1. Define your purpose: What do you want to know from your customers? What actions are pending on the results of the survey? If you put a survey together with unfocused objectives, you will more than likely end up with a survey with unclear results. Define what questions your survey intends to answer. Do you want to measure your markets content delivery preference? Do you want to know what your employees satisfaction levels are? Defining your purpose is essential before determining your survey sample. Before you know who yto ask, you have to understand what you are asking.

2. Define your target: Some samples are more easily defined than others. The sample for an employee satisfaction suvey is evident; but determining a sample to test acceptance of a new product concept is a bit trickier. Using your existing customer base is a good start, but you might want to put some focus on prospects in other markets as well. The size of your sample will be determined largely by your budget and time available to spend on the research. Although small sample sized are statistically relevant when extracted from a representative pool, a larger the sample size will provide more accuracy. The Internet makes getting larger sample sizes easier.
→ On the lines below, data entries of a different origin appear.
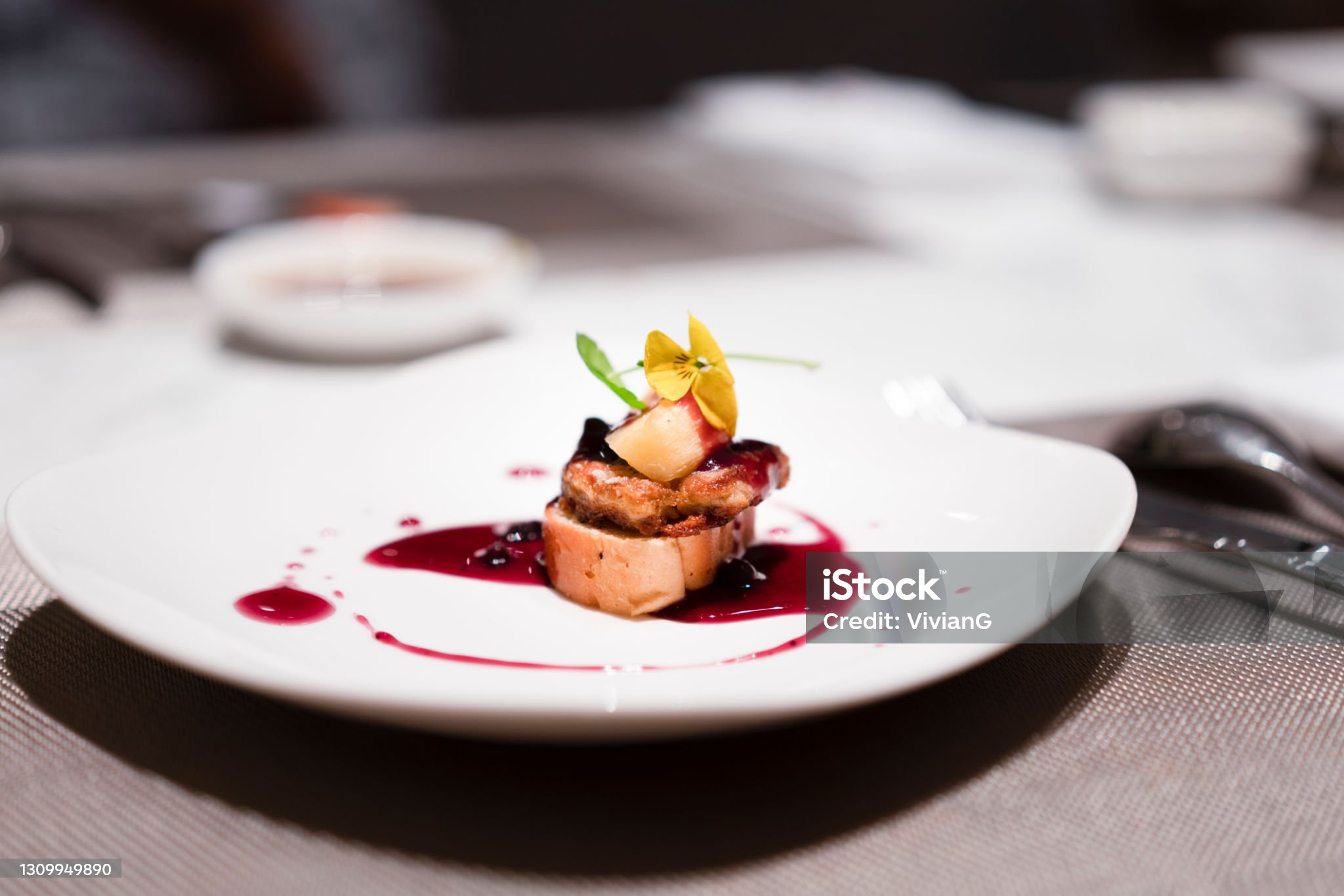 - 브리오슈 빵 위에 조리된 푸아그라를 올리고 소스를 곁들여 제공합니다.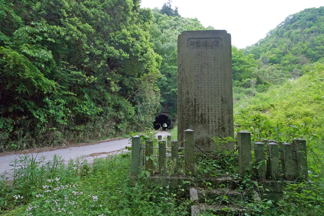 米原市側から隧道入り口まで歩く……。途中に真新しい石碑があった。『横山隧道創始者 高森慶多郎之碑』。高森慶多郎は明治5年(1872)2月26日に東黒田村に生まれ、28歳の時に横山峠の改修・隧道建設を決意。県議会に要請を繰り返し、大正8年にようやく実を結んだが、慶多郎自身は完成を見ることなく病没したらしい。石碑は記憶を留める装置として、振り返ろうとする者にとって実にありがたい。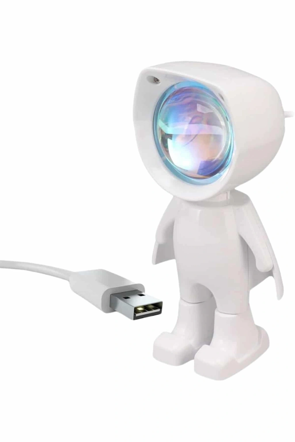 Bu sevimli astronot temalı gün batımı projektör lambası, hem dekoratif hem de fonksiyonel bir aydınlatma çözümü sunar. Gündelik kullanımda modern ve eğlenceli tasarımıyla bulunduğu ortama es bir hava katarken, aktif kullanıldığında ise yumuşak ve sıcak tonlardaki gün batımı efektli ışığıyla rahatlatıcı bir atmosfer oluşturur. USB ile şarj edilebilen bu ürün, taşınabilir yapısı sayesinde ev dışında da kolaylıkla kullanılabilir.5 Watt gücündeki LED ışık kaynağı, enerji verimliliğini yüksek seviyede tutarken uzun süreli kullanım olanağı sunar. Lamba kafasının 360 derece yatay ve 60 derece dikey dönebilen yapısı, ışığın yönünü dilediğiniz gibi ayarlayabilmenizi sağlar. Bu sayede ışığı bir duvara, tavana veya direkt olarak belirli bir alana yönlendirmek oldukça kolaydır.Dokunmatik kontrol paneli, kullanım deneyimini sade ve pratik hale getirir. Tek bir dokunuşla lambayı açıp kapatabilir, parlaklık seviyesini ihtiyacınıza göre ayarlayabilirsiniz. Işığın tonu ise özellikle gece saatlerinde göz yormadan huzur verici bir ortam yaratmak üzere tasarlanmıştır.Kompakt boyutları ve kablosuz kullanımı, bu lambayı yatak odasından oturma odasına, seyahatlerden açık hava etkinliklerine kadar her ortamda kullanışlı kılar. Kutu içerisinden çıkan USB kablosu ile şarj edilebilen cihaz, tam dolum sonrası 3-4 saat kesintisiz aydınlatma sunar.Gün batımı efektli ışık, özellikle fotoğraf ve video çekimlerinde es ve yaratıcı sonuçlar elde etmenizi sağlarken; gece lambası olarak da sıcak ve romantik bir ambiyans yaratır. meditasyon veya özel anlarda size eşlik edecek bu lamba, hem kişisel kullanım hem de hediye alternatifi olarak ideal bir tercihtir.
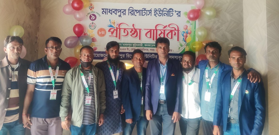 ঝমকালো আয়োজনে মাধবপুর রিপোর্টার্স ইউনিটির ৮ম প্রতিষ্ঠা বার্ষিকী উদযাপন করা হয়েছে । বৃহস্পতিবার (২৮ ডিসেম্বর) বিকাল ৪ টার সময় মাধবপুর পৌর শহরের স্বনামধন্য কুটুমবাড়ি হোটেল কনফারেন্স হল রুমে ঝমকালো আয়োজন ও কেক কাটার মধ্য দিয়ে “মাধবপুর রিপোর্টার্স ইউনিটির” ৮ম প্রতিষ্ঠা বার্ষিকী উদযাপন করা হয়েছে ।

3. Define your questions: Ok. We know why we are asking, we know who we are asking. But what are we asking? The key to a useful survey is down to the questions that we ask on it. Every question on your survey should be relevant to the goals and objectives that you set out for the project. What attitudes, behaviors or information do you want to gather from your customers? What answers will help you to make an informed decision? Always provide a neutral answer for survey takers, especially for opinion questions. Nobody likes to be forced to answer a question that isn't relevant to them, and many will fail to complete a survey that doesn't allow for neutrality. Don't ask more questions than you have to in order to achieve your objectives. The shorter the survey, the better chance for a good response. Keep focused on the objectives and make every question count.

4. Test the survey: Before you announce the survey to your selected sample, test it yourself to make sure that it works and captures the data accurately.

5. Communicate your purpose: When your survey is ready, it is important to communicate its intent and request support. Write a descriptive title for your survey and provide an explanation of why the survey is relevant to the user. Will this survey help the company to better respond to their customers needs? Will it impact new product development? If you are using email to announce the survey to your existing customer base, request cooperation and provide a direct link to the survey. Provide incentives to increase response rates.

Surveys have been around for many years now. But today, conducting a survey with a substantial sample is so much more efficient and affordable with the support of online services such as GroupSurveys. Today, it is unnecessary to assume what your customers’ needs and expectations are. Ask them yourself and find out. You might be surprised by their answers.